## Project 3 - Collaboration and Competition 


**Learning to play table tennis**

Project Goals:

* Implement the TD3 Algorithm to teach the agent to learn to play table tennis.
* The agent is able to get a max score of 2.5 or greater

[//]: # (Image References)

[image1]: ./data_files/actor_network.png "Actor_Network_Arch"
[image2]: ./data_files/critic_network.png "Critic_Network_Arch"


[image3]: ./data_files/multi_agent_exp0.png "EXP0_Multi_Agent_Graph"
[image4]: ./data_files/multi_agent_exp1.png "EXP0_Multi_Agent_Graph"


---

### Report


### Learning Algorithm

I've modified my project 2 implementation to solve this multi-agent learning task.
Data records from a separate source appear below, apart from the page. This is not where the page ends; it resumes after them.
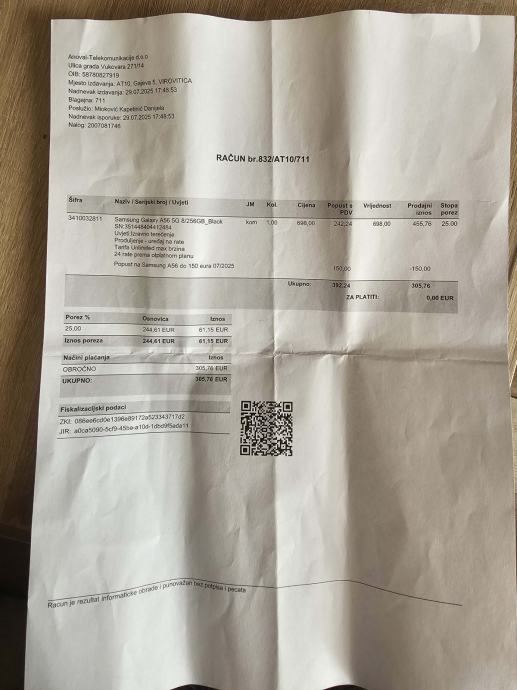Prodajem mobitel A 56 5G. 8G/256 GB. Star 4 mjeseca pod garancijom,uz mobitel ide i maskica.nezanimaju me zamjene jer je kuplje veci mobitel.Cijena 270 Eura.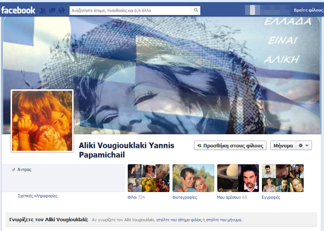 «Αγαπητοί φίλοι και φίλες , θα ήθελα να να σας ενημερώσω, ότι αναρτήθηκε στο facebook, η μοναδική επίσημη σελίδα για την Αλίκη Βουγιουκλάκη. Θα τη βρείτε πληκτρολογώντας ALIKI VOUGIOUKLAKI YANNIS PAPAMICHAIL. Μπορείτε να κάνετε αίτημα φιλίας στη συγκεκριμένη σελίδα.
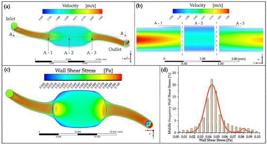 Simulation of the airflow inside the NM-chip at 110 mL/min. (a) Velocity profile at medium channel height with the airflow direction from left to right at a slightly tilted view. (b) Airflow velocity cross-sectional profiles at the inflow (A-1), in the center (A-2) and at the outflow of the chamber (A-3). (c) Airflow distribution of resulting WSS (top view) at the bottom of the cell cultivation chamber. (d) Histogram showing the distribution of the WSS (and indication of underlying Gaussian distributions) in the cell cultivation chamber during inhalation.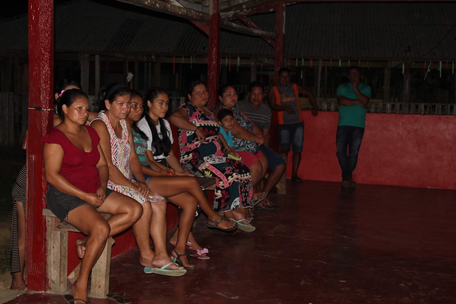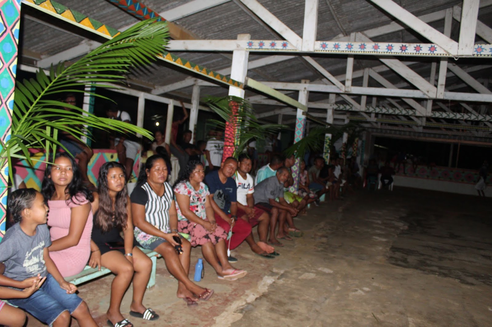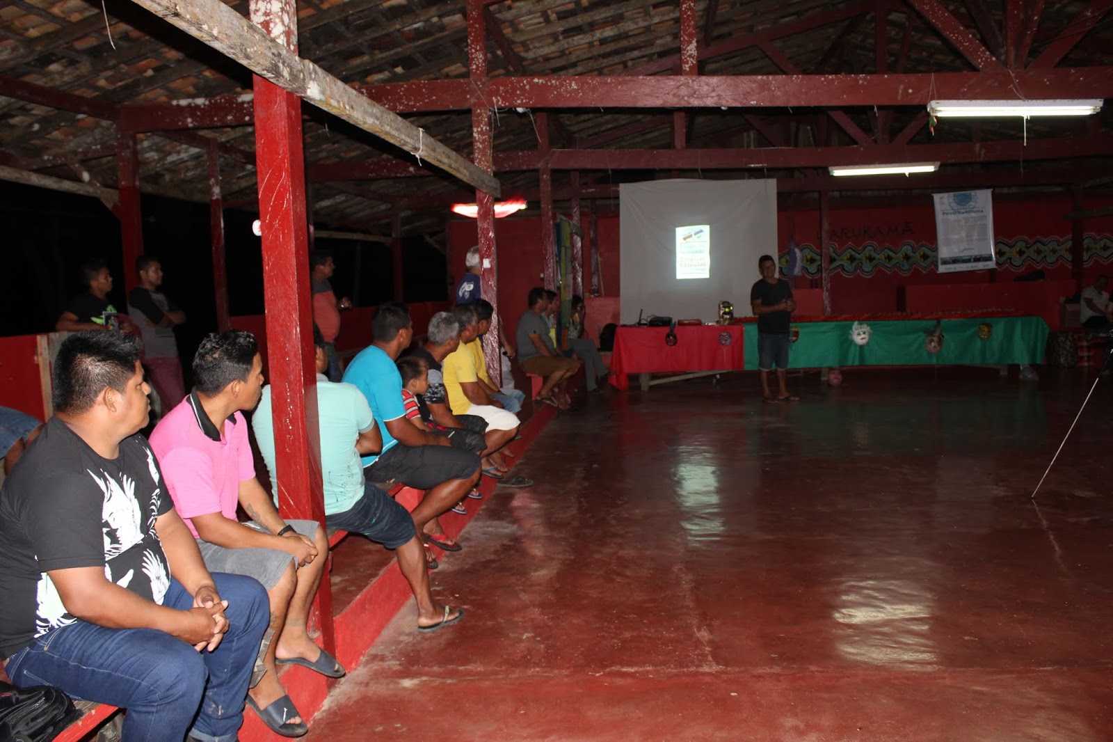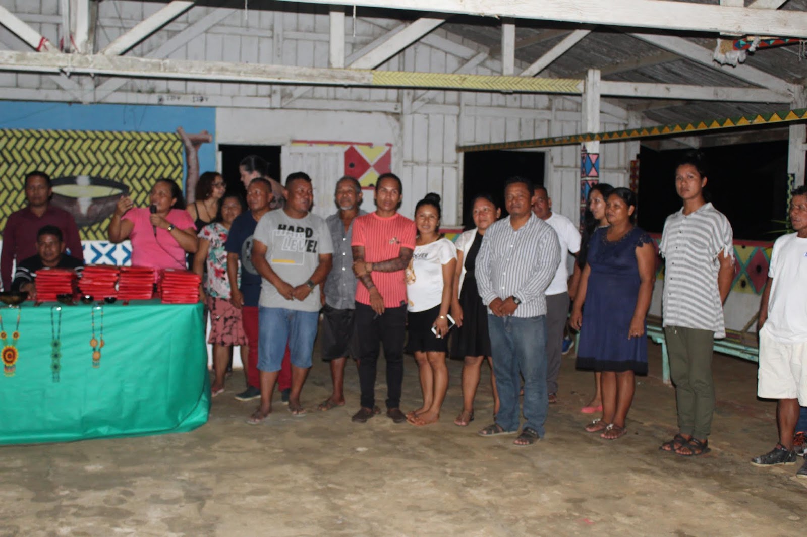 Abaixo vemos o público da Aldeia Kumarumã, prestigiando a Cerimônia de entrega dos produtos do Projeto de Valorização das Línguas Crioulas do Norte do Amapá.

The algorithm description is as follows:

#### 1. Description
I've implemented the Twin Delay DDPG (TD3) Algorithm to solve the task described above. The TD3 Algorithm is an extension of the Vanilla DDPG Algorithm that was introduced in this Nano-Degree. 

The TD3 differs from the original DDPG Algorithm in three distinct ways:

1. TD3 learns from two separate target critic networks (Q1_target, Q2_target). Hence the "Twin" in Twin Delay DDPG 

2. The local critic network updates more frequently than the local actor network and the target networks. It is recommended to use a 2:1 update frequency ratio - i.e. update critic network 2 times for every actor / target network update. Hence the "Delay" in Twin Delay DDPG

3. Addition of noise to target actions with the intend to stabilize the local critic network.  

 

For further information please refer to OpenAI's Spinning Up documentation here: [OpenAI Spinning Up](https://spinningup.openai.com/en/latest/algorithms/td3.html)

<u><b>Modules:</b></u>
- <u>Replay Buffer</u>: Used to store and collect experience tuples (state, action, reward, next_state, done). 
- <u>Agent</u>: Agent class containing act, step, learn, and soft_update functions.  
- <u>ModelsQ</u>: Definition of the Deep Neural Net Architecture using Pytorch.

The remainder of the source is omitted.